▶ **What is being asked**: Extract the data exactly, missing nothing.

▶ **Data provided**:
━━━━━━━━

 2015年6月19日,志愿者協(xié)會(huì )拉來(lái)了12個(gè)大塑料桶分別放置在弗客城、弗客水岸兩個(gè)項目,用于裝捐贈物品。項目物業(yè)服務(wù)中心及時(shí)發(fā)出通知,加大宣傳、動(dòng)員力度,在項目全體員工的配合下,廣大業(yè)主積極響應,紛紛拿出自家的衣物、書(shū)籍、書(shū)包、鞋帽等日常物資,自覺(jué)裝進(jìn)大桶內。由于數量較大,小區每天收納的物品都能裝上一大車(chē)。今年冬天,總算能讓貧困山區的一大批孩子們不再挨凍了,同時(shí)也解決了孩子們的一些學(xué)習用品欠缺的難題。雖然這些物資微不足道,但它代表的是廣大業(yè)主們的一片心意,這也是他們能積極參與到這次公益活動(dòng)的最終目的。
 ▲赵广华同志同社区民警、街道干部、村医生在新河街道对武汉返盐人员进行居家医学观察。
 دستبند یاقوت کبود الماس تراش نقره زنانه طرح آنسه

━━━━━━━━

▶ **Task result**:
 2015年6月19日,志愿者協(xié)會(huì )拉來(lái)了12個(gè)大塑料桶分別放置在弗客城、弗客水岸兩個(gè)項目,用于裝捐贈物品。項目物業(yè)服務(wù)中心及時(shí)發(fā)出通知,加大宣傳、動(dòng)員力度,在項目全體員工的配合下,廣大業(yè)主積極響應,紛紛拿出自家的衣物、書(shū)籍、書(shū)包、鞋帽等日常物資,自覺(jué)裝進(jìn)大桶內。由于數量較大,小區每天收納的物品都能裝上一大車(chē)。今年冬天,總算能讓貧困山區的一大批孩子們不再挨凍了,同時(shí)也解決了孩子們的一些學(xué)習用品欠缺的難題。雖然這些物資微不足道,但它代表的是廣大業(yè)主們的一片心意,這也是他們能積極參與到這次公益活動(dòng)的最終目的。
 ▲赵广华同志同社区民警、街道干部、村医生在新河街道对武汉返盐人员进行居家医学观察。
 دستبند یاقوت کبود الماس تراش نقره زنانه طرح آنسه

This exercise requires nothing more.